Вообще-то, вопрос был некорректным, не имеющим никакого отношения к моему ответу о Н. Островском. Следовало бы задавать дополнительные вопросы о творчестве Николая Островского, а не предлагать вопрос на постороннюю тему. Трудно сказать, чем был вызван такой неожиданный вопрос экзаменатора. Скорее всего, стремлением замять возникшую неловкость. Но, может быть, преподаватель намеренно поставил вопрос о К. Федине. Этот педагог не читал у нас курса литературы, а был приглашён лишь на госэкзамен, поэтому я не запомнил его фамилию. На консультации к госэкзамену он особо обратил внимание на вышедшую недавно монографию о К. Федине и советовал с ней познакомиться до экзамена. Я оказался единственным студентом, который взял в институтской библиотеке рекомендованную книгу и, хотя не прочитал её полностью, но пролистал, используя метод «библиотечного просмотра» (этому методу студентов в те годы учили). Вопрос преподавателя не стал для меня неожиданным (предполагаю, что педагог на это и рассчитывал), и я достаточно подробно рассказал о творчестве К. Федина, не забыв упомянуть, что эти сведения я извлёк из рекомендованной преподавателем монографии.
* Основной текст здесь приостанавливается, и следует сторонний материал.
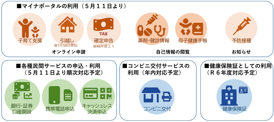 マイナポータルを活用したサービスは2023年5月11日~利用可能になっており、今後マイナンバーカードを利用した民間サービス、コンビニ端末での利用、健康保険証としての利用など順次対応サービスが拡大する予定です。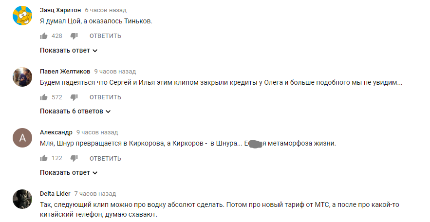 В клипе несколько раз отчетливо демонстрируется несколько брендов - шампанского и российского банка. Многим пользователям такая явная реклама не понравилась, они стали писать, что это уже уровень Филиппа Киркорова, вспоминая его клип с Николаем Басковым "Ибица", где щедро мелькают разные марки. "Шнур превращается в Киркорова, а Киркорова в Шнура", - отмечают зрители в комментариях к клипу.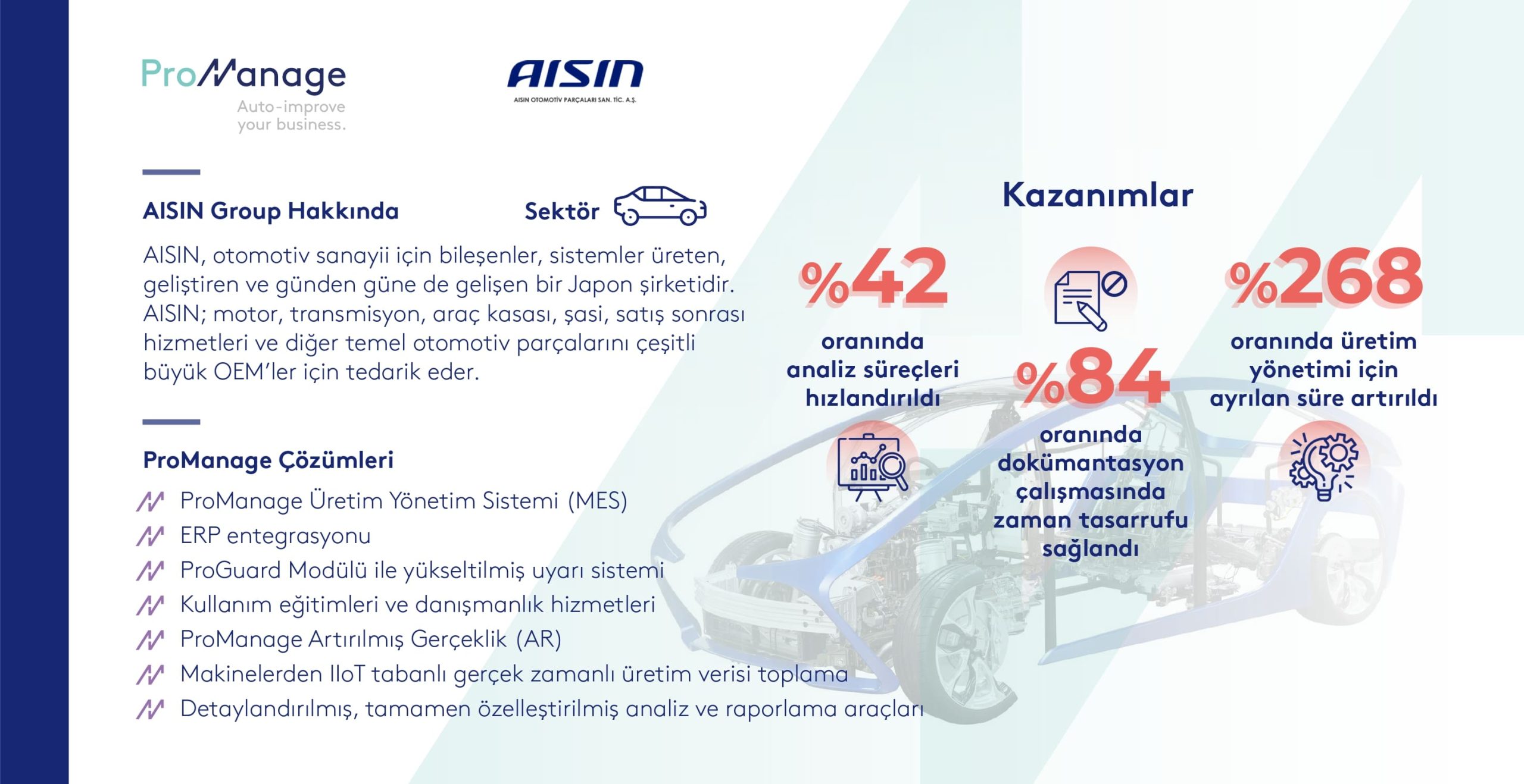 Japonya’da 1965 yılında kurulan Aisin Corporation, bugün 21 ülkede 200’den fazla üretim tesisinde 110 bin çalışanıyla otomotiv yan sanayinin önde gelen markaları arasında yer alıyor.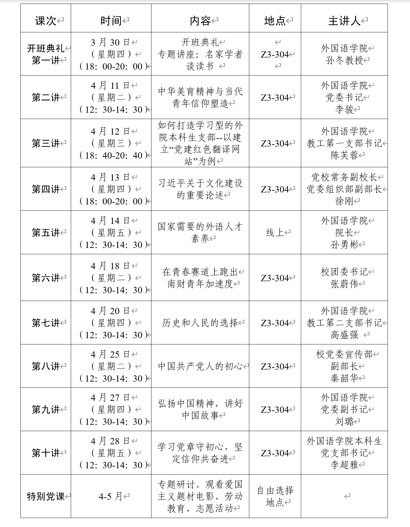 注意:组长须在5月10日下午4:00前将专题研讨的材料报给院本科生党支部书记(体育直播平台 德正楼310李老师),组长将劳动教育和志愿服务活动开展的策划方案(统一用南京财经大学信笺纸,包括内容:主题,时间,地点,与会学员以及如何开展),每位参与培训的学员都应积极准备。

Следующий госэкзамен — библиография. И опять-таки помню только второй вопрос: сводные каталоги. Когда я изложил комиссии всё, что знал о сводных каталогах, Богдан Степанович предложил вопрос: «Когда впервые в СССР был поставлен вопрос о сводных каталогах?» Хотя я и не имел никакого представления, когда это было предложено впервые, я уверенно утверждал, что это произошло на Первом библиографическом съезде, в 1924 году. Это Б. С. Боднарский подтвердил: «Правильно» и добавил: «Не помните, что ещё в 1918 г. при замнаркома просвещения Покровском было совещание, на котором я, кстати, тоже присутствовал, где и был впервые поднят вопрос о сводных каталогах?» Пришлось признаться, что я такого совещания не помню. Однако это не помешало мне получить и по библиографии отличную оценку.
Я признателен Богдану Степановичу за лекции по истории отечественной библиографии, за доброе отношение к молодому и неопытному студенту-библиографу. Приведённые здесь отдельные эпизоды моего общения с Богданом Степановичем, в том числе и юмористические, ни в коей мере не умаляют моего глубоко преклонения перед личностью этого выдающегося отечественного библиографа.